The Culminating Event
​Alongside this programming, KOSD staff also facilitated language and cultural classes for students. This programming is especially important for young refugees, many of whom were born in refugee camps or outside of Burma. It helps sustain their cultural and community connections while navigating displacement. During these sessions, students learned about Karen and Burmese languages, songs, dances, traditional clothing, and games.
The culminating event was intergenerational, bringing together students, parents, grandparents, members of the Karen community, and broader refugee community members connected to KOSD.
In addition to the Family Table installation, the exhibit featured performances by the students based on the Karen and Burmese traditions that they had learned about with KOSD organizers. “Parents and grandparents were extremely moved by seeing and hearing their youth carry on the language and culture” says Holtzman.
The celebration demonstrated how learning, culture, and community are inseparable in refugee-centered educational spaces.
Why It Matters
“It was a striking example of how education and community can come together to do powerful, beautiful work,” Holtzman told us.

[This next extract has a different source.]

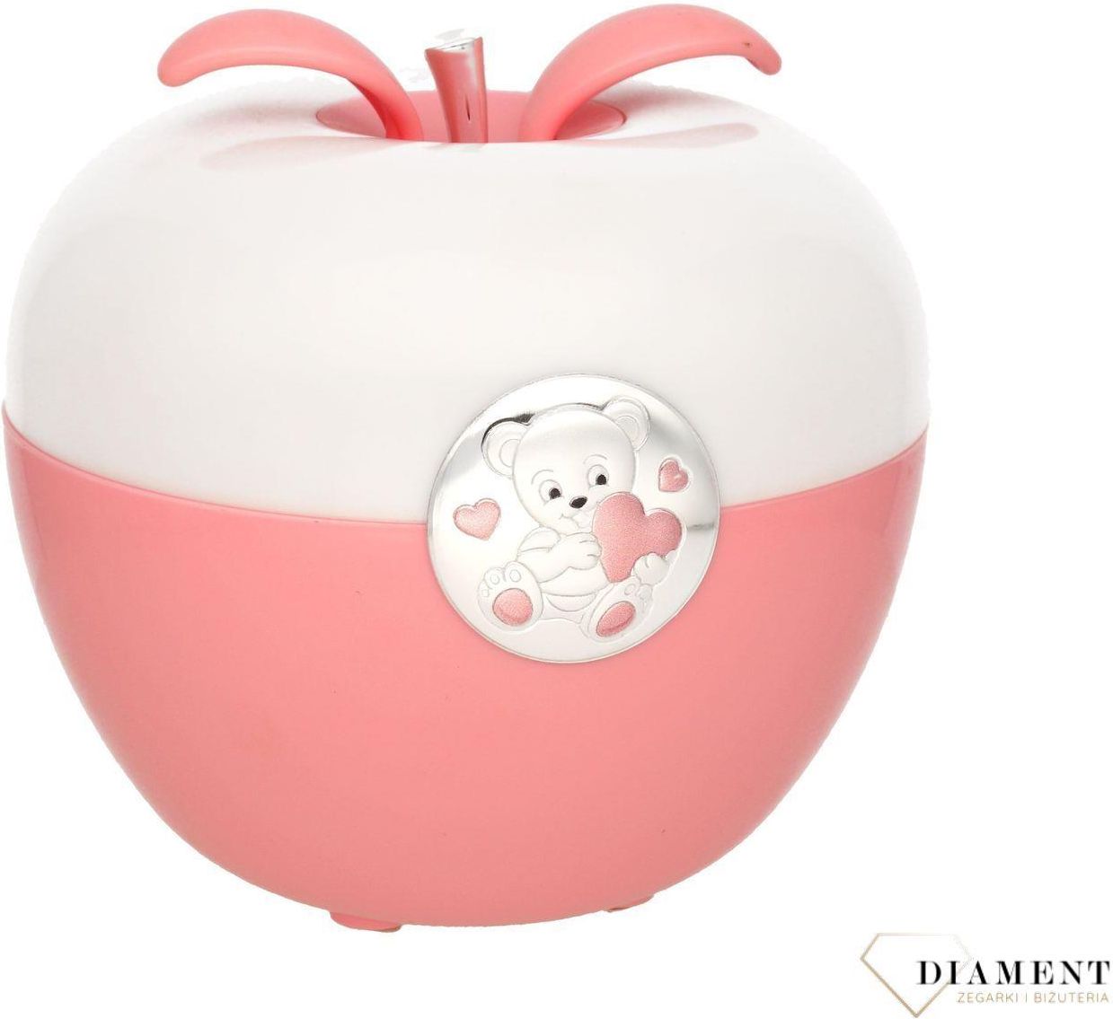Dziecięca lampka nocna Jabłuszko VL21150R – idealna lampka do pokoju dziecka OUTLET – Dziecięca lampka nocna Jabłuszko VL21150R ze srebrnym emblematem misia Uwaga: produkt OUTLET – lampka posiada przebarwienia widoczne na kolejnych zdjęciach. Wada ma charakter wyłącznie estetyczny i nie wpływa na działanie lampki. Lampka nocna Jabłuszko VL21150R to uroczy dodatek do każdego pokoju dziecięcego. Wyróżnia się oryginalnym kształtem jabłuszka oraz okrągłym emblematem z wizerunkiem misia pluszowego, wykonanym z wysokiej jakości metalu pokrytego srebrem i zabezpieczonym specjalnym lakierem ochronnym. Dzięki temu emblemat zachowuje swój piękny wygląd przez długi czas. Lampka emituje ciepłe, delikatne światło, które tworzy przytulną atmosferę, sprzyjającą zasypianiu. Dodatkową atrakcją jest możliwość włączenia kolorowych świateł, które przypadną do gustu najmłodszym. Produkt jest kontrolowany nadmuchem, co sprawia, że jego obsługa jest nie tylko łatwa, ale i zabawna dla dziecka. W zestawie znajduje się kabel USB o długości 1 metra, który pozwala na wygodne podłączenie lampki do dowolnego portu USB. Główne cechy produktu: Uroczy design w kształcie jabłka z srebrnym emblematem misia Idealny prezent na chrzest, urodziny lub baby shower Wysokiej jakości materiały: metal pokryty srebrem i lakierem ochronnym Delikatne światło w ciepłym odcieniu + tryb kolorowych barw Średnica: 12 cm, wysokość: 11 cm Oryginalne opakowanie, 2-letnia gwarancja Produkt dostępny w autoryzowanym sklepie z dewocjonaliami i pamiątkami na chrzest Dlaczego warto wybrać lampkę Jabłuszko VL21150R? Ta dziecięca lampka nocna ze srebrnym emblematem to nie tylko praktyczne źródło światła, ale także elegancka pamiątka chrztu lub narodzin dziecka. Dzięki swojej funkcjonalności i estetyce świetnie sprawdzi się zarówno jako element wystroju pokoju, jak i wyjątkowy prezent dla noworodka. Diament jest autoryzowanym sprzedawcą najwyższej jakości dewocjonaliów w Polsce. Cała kolekcja pamiątek dla dzieci zakupiona w naszym sklepie posiada 2 letnią gwarancję i zapakowane są w oryginalne opakowanie.

The summer program, and the Family Table theme in particular, is a powerful model for community-centered education. The theme could not have occurred without iterative feedback from the community that the summer program aims to support. It also illustrates what becomes possible through collaborative infrastructures for education. Teachers, families, community organizers, and youth from the Burmese community all worked together to make it happen. The teaching expertise of TLC educators, alongside the cultural and linguistic expertise of KOSD staff and insight from student families allowed them to create culturally responsive curriculums for STREAM subjects by integrating home languages, home stories and histories, recipes, and community practices like art and dance all in the same environment. By honoring this knowledge, the program demonstrates what Critical Refugee Studies called “refugee teaching”: recognizing refugee students and their families as sources of knowledge rather than problems to be solved. The learning in this summer program occurred through community-building activities rooted in the daily lives and knowledge of the community itself, rather than outside of or despite the community. Even PANA offering the program a space when existing infrastructure was cut demonstrates the importance of collaborative programming, particularly for marginalized communities whose funding and support is often at risk. The culminating family table made up by the community at large signifies that learning is a shared practice, not an individual one.
This program can also help us expand our understanding of where and how education happens. These powerful learning moments did not need to happen in traditional school spaces or through textbooks. They occurred in intergenerational community spaces. The Family Table demonstrates that education can happen in community centers, kitchens, gardens, and even gathered around a shared table.
Refugee communities carry deep knowledge shaped by movement, memory, and community. When programs make space for that knowledge, young people become teachers as well as learners.